Но брату наука давалась трудно. Училъ онъ часами то, что я выучивала въ полчаса. Няня безотлучно сидѣла около него, съ соболѣзнован³емъ качала головою, а иногда и бормотала что-то себѣ подъ носъ. Между нею и братомъ образовалась тѣснѣйшая связь и любовь. Никогда онъ не ложился спать, не простившись съ нею, она крестила его, а онъ, хотя никто его тому не училъ, цѣловалъ у нея руку; она, сознавая, вѣроятно, свою чисто-материнскую къ нему любовь и нѣжность, не противилась тому и съ умилен³емъ глядѣла на него. Матушка цѣнила любовь няни ко всѣмъ намъ, но въ особенности къ брату, и обходилась съ ней совсѣмъ иначе, чѣмъ тогда обходились съ нянями, какъ бы ихъ ни любили.
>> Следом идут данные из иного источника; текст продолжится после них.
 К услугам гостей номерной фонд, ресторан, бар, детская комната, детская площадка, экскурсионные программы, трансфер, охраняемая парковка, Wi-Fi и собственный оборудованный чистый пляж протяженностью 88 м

Матушка относилась къ нянѣ скорѣе, какъ къ близкой родственницѣ, чѣмъ къ лицу подчиненному и служащему въ домѣ. Она съ ней сиживала вечеромъ, пивала съ ней чай, а въ отсутств³и отца сажала ее обѣдать съ собою, и разсуждали онѣ о хозяйствѣ, дѣтяхъ, ихъ состоян³и и будущности. Словомъ, Марья Семеновна была членомъ нашего семейства и имѣла свой голосъ. Во всемъ, что касалось вседневной жизни, она была совѣтница разумная, ревнивая блюстительница интересовъ дома и нашего благосостоян³я. Одинъ батюшка глядѣлъ неодобрительно на постоянное присутств³е няни при дракахъ, играхъ и чтен³яхъ Сережи, и еще больше порицалъ матушку за ея предпочтен³е къ старшему сыну. Когда матушка говаривала, что какая-либо вещь иди домъ, или имѣн³е будутъ Сереженькины, батюшка останавливалъ ее словомъ:
- Не знаю; у насъ еще, кромѣ его, четверо дѣтей.
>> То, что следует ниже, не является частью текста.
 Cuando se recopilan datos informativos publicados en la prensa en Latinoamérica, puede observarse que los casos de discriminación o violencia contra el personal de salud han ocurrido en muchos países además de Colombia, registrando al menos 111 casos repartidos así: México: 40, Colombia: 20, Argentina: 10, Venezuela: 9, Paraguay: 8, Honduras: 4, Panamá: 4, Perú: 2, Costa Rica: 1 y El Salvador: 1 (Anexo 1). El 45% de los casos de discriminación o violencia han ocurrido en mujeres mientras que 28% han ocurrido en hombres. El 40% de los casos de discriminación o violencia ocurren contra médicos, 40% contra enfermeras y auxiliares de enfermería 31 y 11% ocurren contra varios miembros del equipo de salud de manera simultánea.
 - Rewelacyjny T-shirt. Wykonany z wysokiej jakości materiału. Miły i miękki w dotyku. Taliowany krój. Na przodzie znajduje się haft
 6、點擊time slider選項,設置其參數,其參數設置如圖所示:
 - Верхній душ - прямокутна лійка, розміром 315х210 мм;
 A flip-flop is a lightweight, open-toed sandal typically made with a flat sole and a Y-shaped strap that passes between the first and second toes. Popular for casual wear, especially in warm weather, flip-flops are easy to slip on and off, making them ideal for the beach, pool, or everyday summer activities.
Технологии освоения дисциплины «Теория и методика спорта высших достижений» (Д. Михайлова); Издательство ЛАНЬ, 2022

- То дѣвочки, возражала мать,- выйдутъ замужъ - отрѣзанный ломоть, а сыновей у насъ двое.
- А потому, что дѣвочка, такъ мнѣ ее по м³ру пустить? говорилъ отецъ съ досадой:- отдѣлить ее, потому что ей ни въ службу, ни въ должность идти нельзя! Нѣтъ, это дѣло грѣшное, несправедливое.
- Съ тобою не сговоришь, отвѣчала матушка, весьма недовольная, и умолкала.
Вообще строй семьи нашей сложился странно. Вл³ян³е и направлен³е матери было французское, вл³ян³е и направлен³е батюшки русское, скажу - старовѣрческое, а мы, дѣти, росли между двухъ, не поддаваясь ни тому, ни другому. Могу сказать, что мы росли индифферентами, между этихъ двухъ течен³й. Въ моей памяти уцѣлѣли кое-как³е разговоры и семейныя картины, которыя я и разскажу, какъ помню.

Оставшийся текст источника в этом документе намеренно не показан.